When the Magpie Sings
Take a look at the magpie in the pine tree. Korean people say that a welcome guest comes when a magpie sings. Jesus Christ seems to be a most welcome guest in this small straw-roofed house where the humble classes once lived. He wears a typical Korean outfit for a male child, including a Bokgun (Korean cloth hat for boys). Mary, as a married woman, does her hair up in a chignon and wears a simple garment of subdued color. Joseph, a married man himself, wears his hair in a topknot, and dons a simple light blue outfit. Traditionally, men and women wear Chogoris (Korean-style jackets); women’s Chogoris are shorter than those of men.
Young and old welcome the presence of Baby Jesus. Youth is represented twice: by a village girl, respectfully bowing before the infant, and dressed in a brightly colored, blue and red Han Bok (Korean costume).
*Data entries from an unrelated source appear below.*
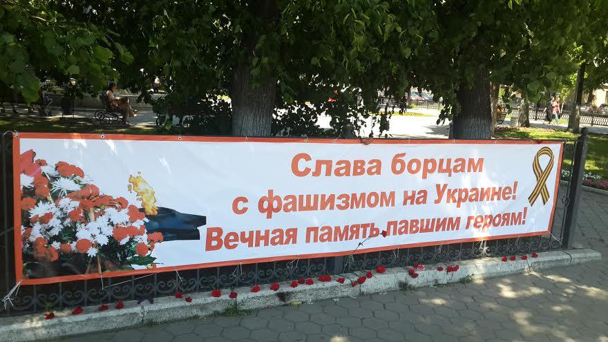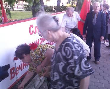 Кульминацией акции КПРФ стало восстановление растяжки со словами солидарности с украинскими братьями и скорби по жертвам фашизма, а также возложение к ней красных гвоздик.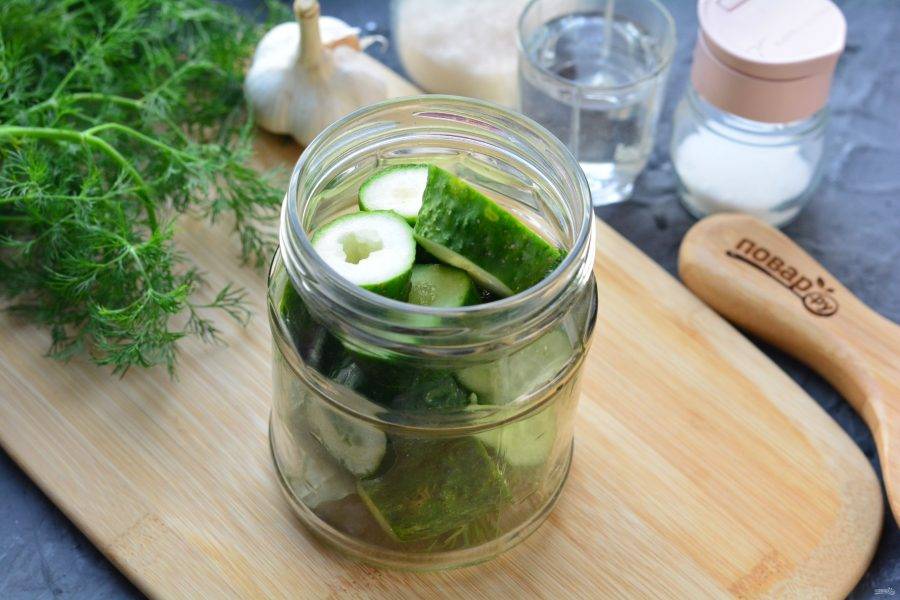 Огурцы промойте, срежьте хвостики, нарежьте плоды крупными кружками.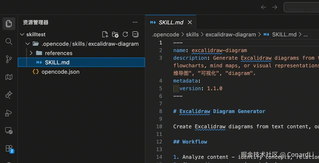 接下来,按照刚才的流程,我们把这个 Skill 下载下来,放到 .opencode/skills 目录下: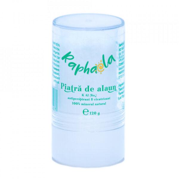 Piatra de alaun este un mineral 100% natural cu proprietati bactericide, antimicrobiene, cicatrizante si astringente. Nu contine conservanti parabeni, coloranti, parfum si nici un alt ingredient artificial. Compozitie: 100% Potassium Alum Actiuni: Antiperspirant antibacterian antimicrobian cicatrizant si astringent. Indicatii: Este foarte eficienta ca antiperspirant dar si dupa ras barbierit epilare. Contraindicatii: Nu exista contraindicatii. Mod de utilizare: Se aplica local pe piele. Se umezeste inainte de utilizare.
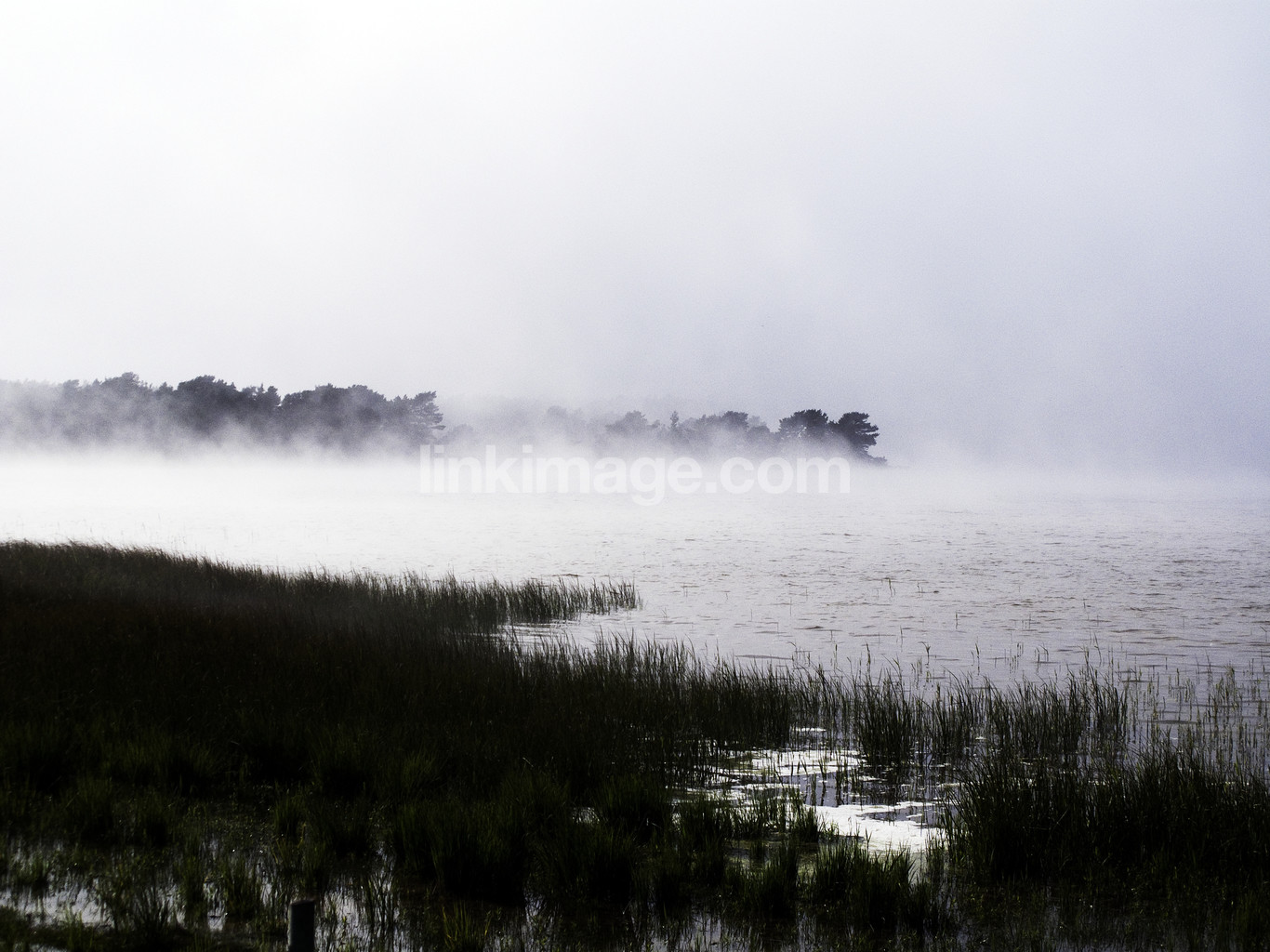 lake, water, fog, view, spot, morning, dawn, light, weather, forest, tree, reed, mood, mystery, haze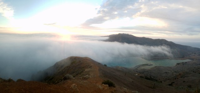 Gabert here, being forced to schwing some blog action. Yesterday, after motoring roughly 11 hours across dead glass ocean, the jagged cliffs of Catalina island materialized out of the grey sky. The northwest side of the island juts straight out of deep ocean, strikingly resembling a huge gorilla. Steep talus fields comprise a majority of the island’s coast, rising hundreds of feet straight up into the fog.

As a maiden girl she wears her hair in braids. The young and kneeling villager, with braids and in a colorful costume, throws his arms up in joy. Also kneeling and greeting the future redeemer with a more measured gesture of respect, is the old villager, his hair bound in a topknot. He is clothed in an outfit of subdued colors.
The rural setting of the Korean nativity, made of Dackjongie (Korean paper), is further marked by the smaller structure representing the barn, and the traditional jar stands where the soy sauce jars are placed. Koreans kept in these jars Gochujang (the thick soy paste mixed with red pepper), Duenjang (soybean paste), Ghanjang (soy sauce), and Kimchi (Korean Cabbage pickles).
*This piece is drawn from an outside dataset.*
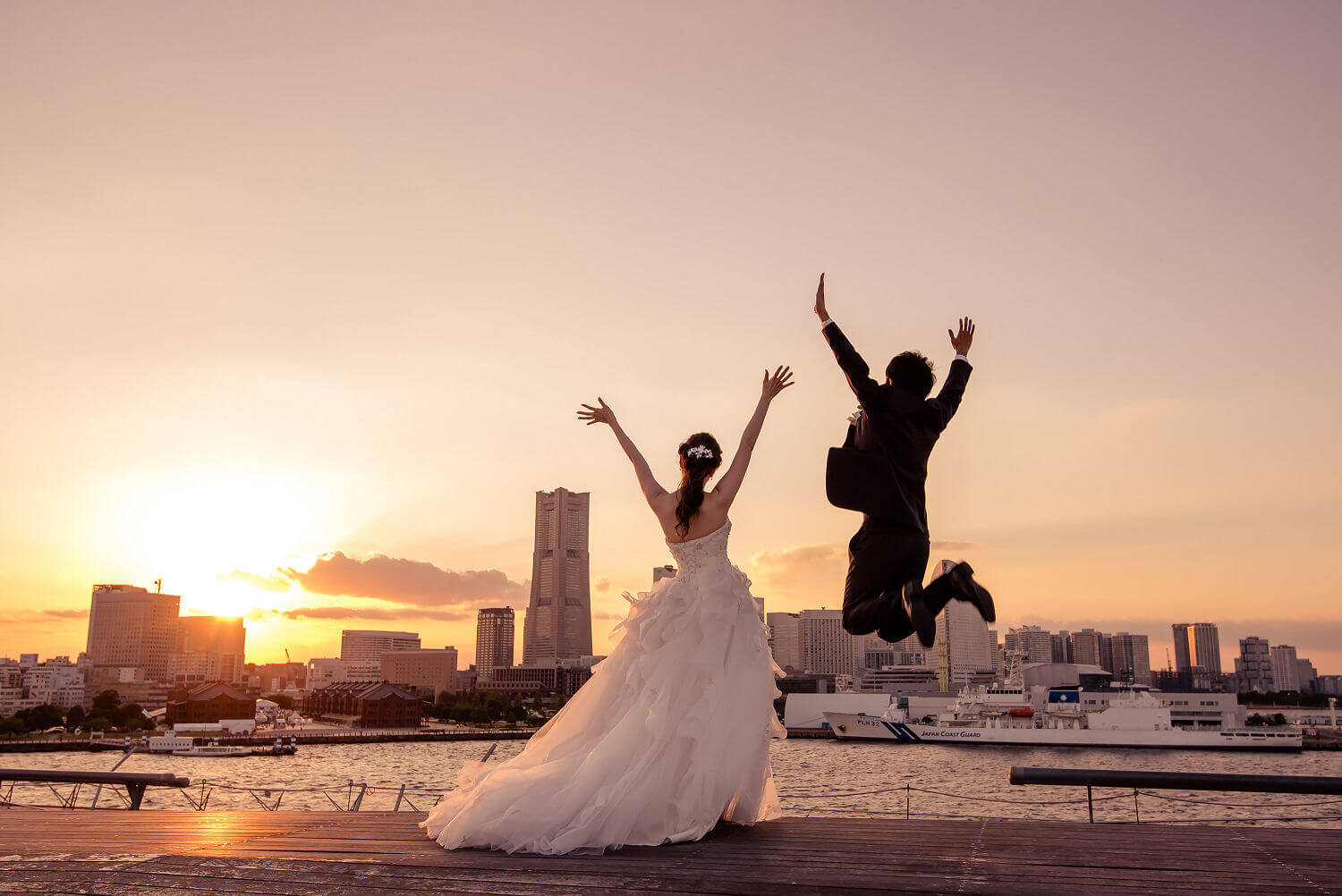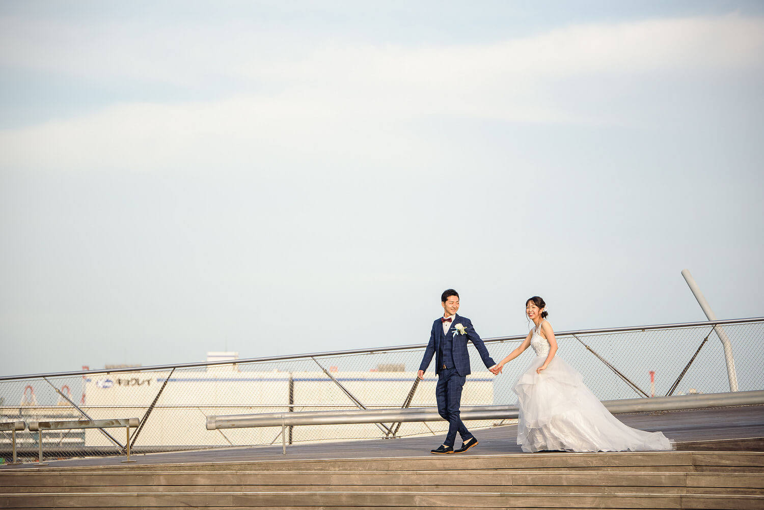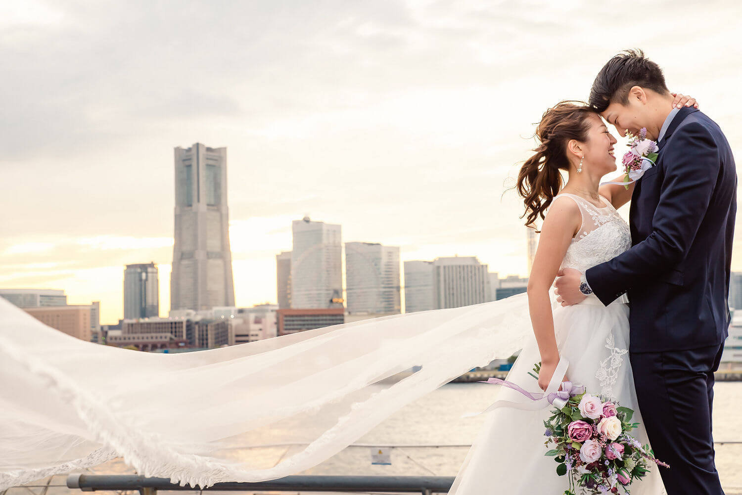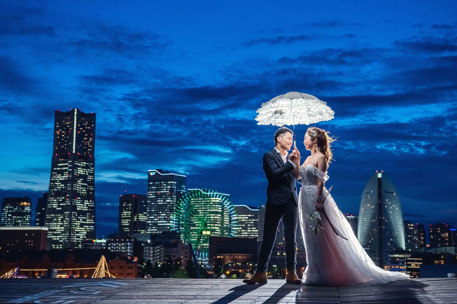 みなとみらいを一望できる人気の大桟橋の前撮りは、横浜出身のウェディングフォトグラファーがカット数無制限で撮影いたします。

Sung June Yim is a ceramic artist from the Seoul region in South Korea. Frequently he seeks artistic inspiration in early Korean history and Chinese literature. The central characters of this set are Lady Mi and warrior Jo Ja Ryong from the Chinese classic, “The Three Dynasties.” Lady Mi moves with her child through enemy territory. She is wounded. Jo Ja Ryong, the great warrior, rescues the baby but is forced to leave the mother behind.
Shepherds and magi are characters of the Ko Gu Ryo Dynasty (37 B.C.-668 A.D.). They can be recognized by their dotted vestments. The bowed figures with long sleeves pay respect to the baby, and the three mounted musicians, with their woodwind and percussion instruments welcome him with a serenade.
Originally not intended as nativity, these typically cultural figures are bridge builders between peoples and their history.